Vale a pena buscar com tanto afinco a segunda caixa-preta?
Luis Miguel Pascual.
Seyne-les-Alpes (França), 30 mar (EFE).- Após sete dias de intensos trabalhos, a busca pela segunda caixa-preta do A320 que caiu nos Alpes franceses ainda não deu resultado, mas alguns especialistas consultados pela Agência Efe acreditam que os dados contidos no equipamento dificilmente poderão trazer alguma mudança radical sobre o que realmente aconteceu na aeronave.
“A segunda caixa-preta” do A320 “pouco vai apresentar à investigação, porque a primeira já revelou o essencial”, opinou o especialista em acidentes aeronáuticos Gérard Feldzer, que questiona a urgência das autoridades em encontrá-la.
Sua opinião é corroborada por outros especialistas, mas também existem os que pensam que os parâmetros de voo registrados por ela são essenciais para confirmar as informações da primeira, que contém a gravação do que aconteceu na cabine.
Uma semana de buscas intensas não permitiu que a segunda caixa fosse encontrada, enquanto a primeira apareceu no mesmo dia do acidente.
O jornalista Frédéric Beniada, especializado em informação aeronáutica, acredita que “o relato do promotor de Marselha”, Brice Robin, sobre o acidente “é incompleto e, em alguns pontos, inexatos”, por isso “os técnicos devem analisar a segunda caixa para corroborar o que aponta a investigação”.
A análise da caixa-preta que grava todos os sons da cabine permitiu aos investigadores determinar que o copiloto, o alemão Andreas Lubitz, derrubou o avião nos Alpes deliberadamente.
Beniada admitiu que 90% do que aconteceu no voo entre Barcelona e Düsseldorf da última terça-feira “já é conhecido”, mas faltam detalhes que podem deixar algumas perguntas em aberto.
“Não há dúvida de que o copiloto derrubou o avião de forma voluntária, mas ainda é preciso saber como ele fez isso”, explicou.
Já Feldzer é mais cético sobre esse ponto e afirmou que “o que há na segunda caixa-preta são detalhes que servirão apenas para confirmar o que os investigadores já sabem”.
Este especialista, que investiga catástrofes aéreas há anos, afirmou que “neste acidente, o papel das caixas-pretas se inverteu”, já que “normalmente, a dos parâmetros revela as circunstâncias do acidente e a do som é a complementar”.
Jean-Pierre Otelli, piloto militar aposentado e autor de mais de 20 livros sobre acidentes aéreos, tem a mesma opinião de Feldzer e garantiu que “em nenhum caso, a segunda caixa-preta trará um relato diferente” do que se pode presumir da primeira.
“Ela vai fornecer alguns detalhes sobre o voo, como a altitude estipulada pelo copiloto.

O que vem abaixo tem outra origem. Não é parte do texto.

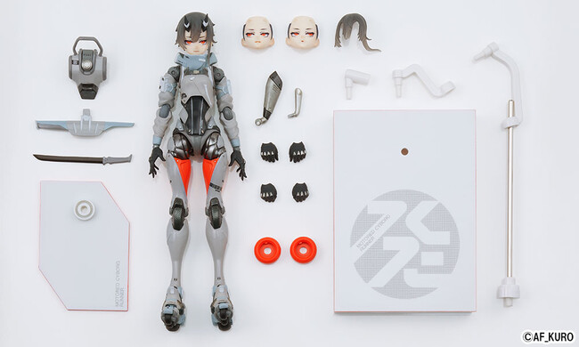イラストレーターAF_KURO氏が、内燃機関を搭載したサイボーグ達によるストリート・レーシングシーンを描いた企画『少女発動機』より、作品の主軸となる“モータード”ボディを立体化。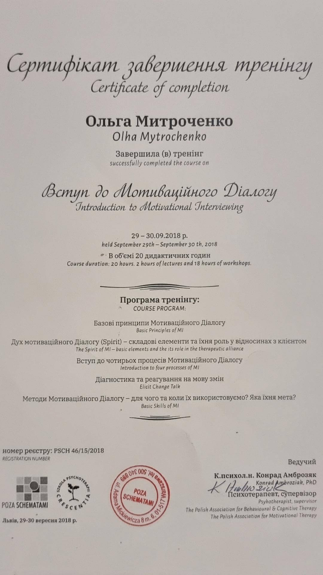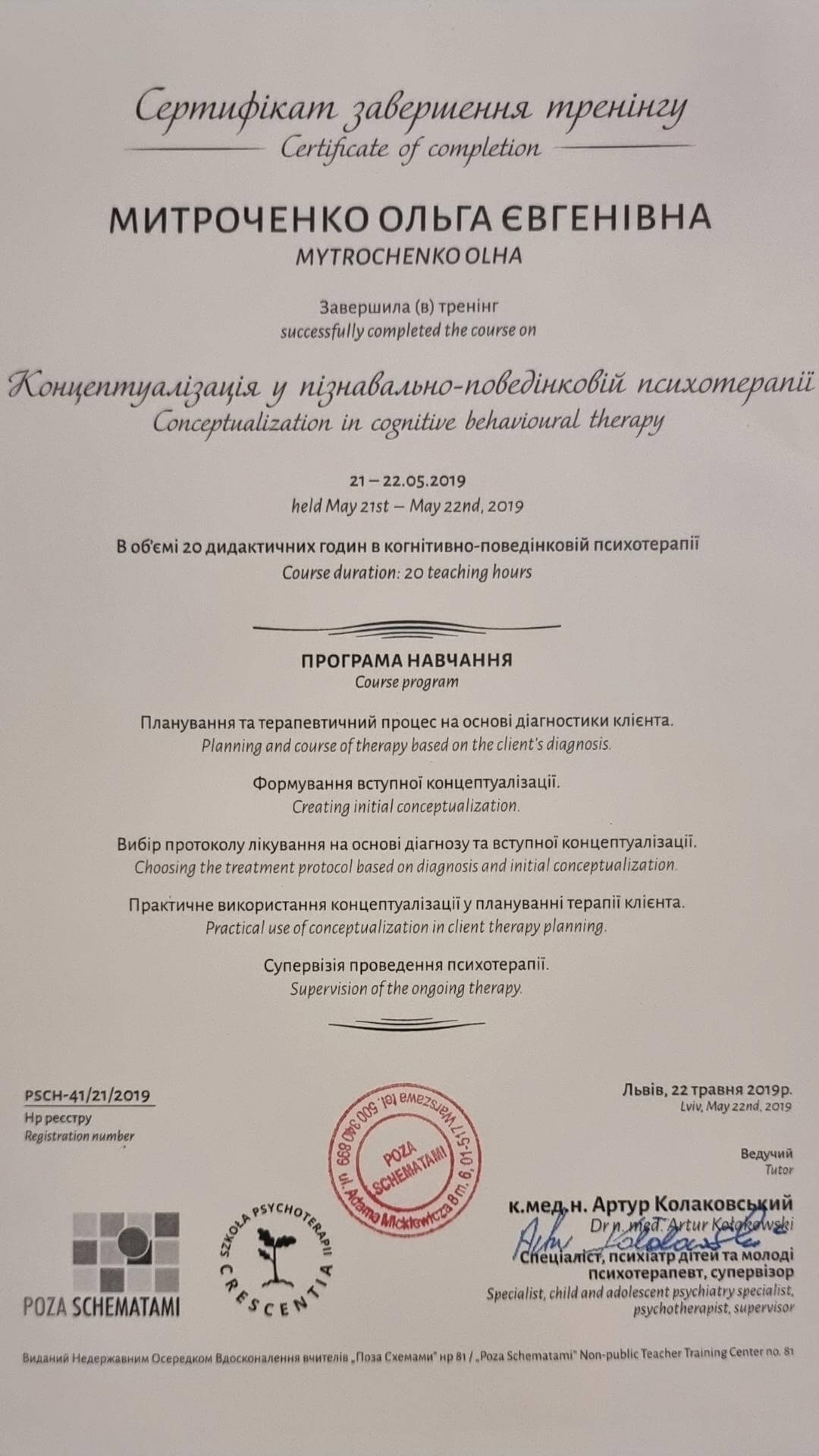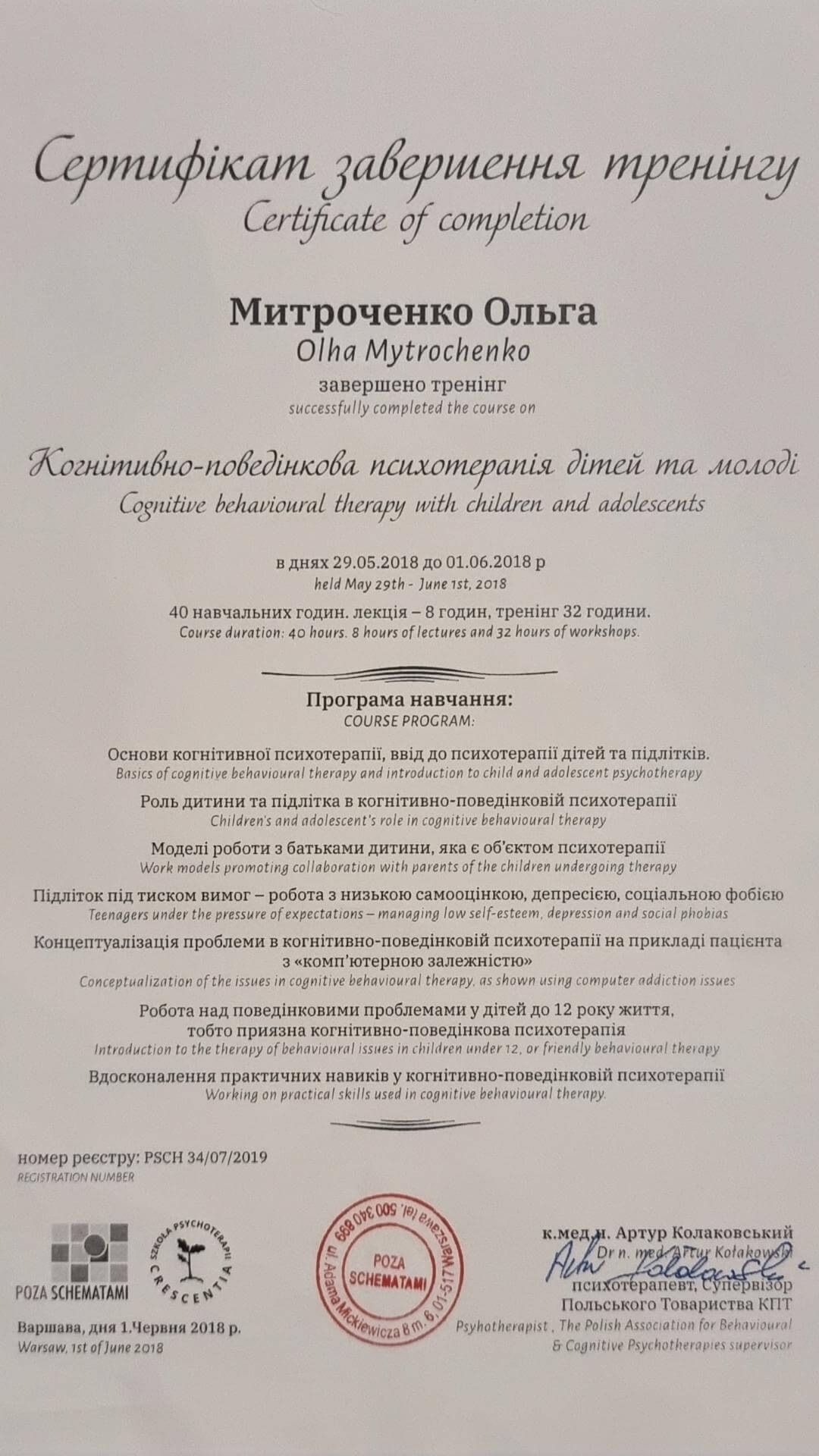 Проходила обучение на программах по системной семейной терапии (применяю часто в парном консультировании и работе с детско-родительскими отношениями) и в когнитивно поведенческом подходе. Также проходила обучение по ненасильственному общению, которое отлично работает в ситуациях сложно разрешаемых конфликтов. Сейчас прохожу повышение квалификации в Схема-терапии - этот подход важен для работы с травматичными детскими переживаниями и при наличии расстройств личности, например, зависимом или нарциссическом

Também vai confirmar a velocidade da descida que foi programada por ele, que segundo o radar foi de cerca de 3 mil pés por minuto”, assinalou.
Nada que mude radicalmente a hipótese de que Lubitz decidiu se matar e levar consigo os outros 149 ocupantes do avião.
Os especialistas consultados são categóricos na hora de afirmar que Lubitz não calculou o lugar exato no qual pretendia que o avião caísse.
“Ele se limitou a reduzir a altitude, não mudou a trajetória”, opinou Otelli, que é muito cético com a teoria que afirma que o copiloto quis se matar no mesmo lugar em que praticou voo com planadores durante a adolescência.
“Tinha a ideia de se suicidar e naquele dia teve a oportunidade. Se não tivesse feito dessa vez, teria feito em outra”, concluiu Feldzer.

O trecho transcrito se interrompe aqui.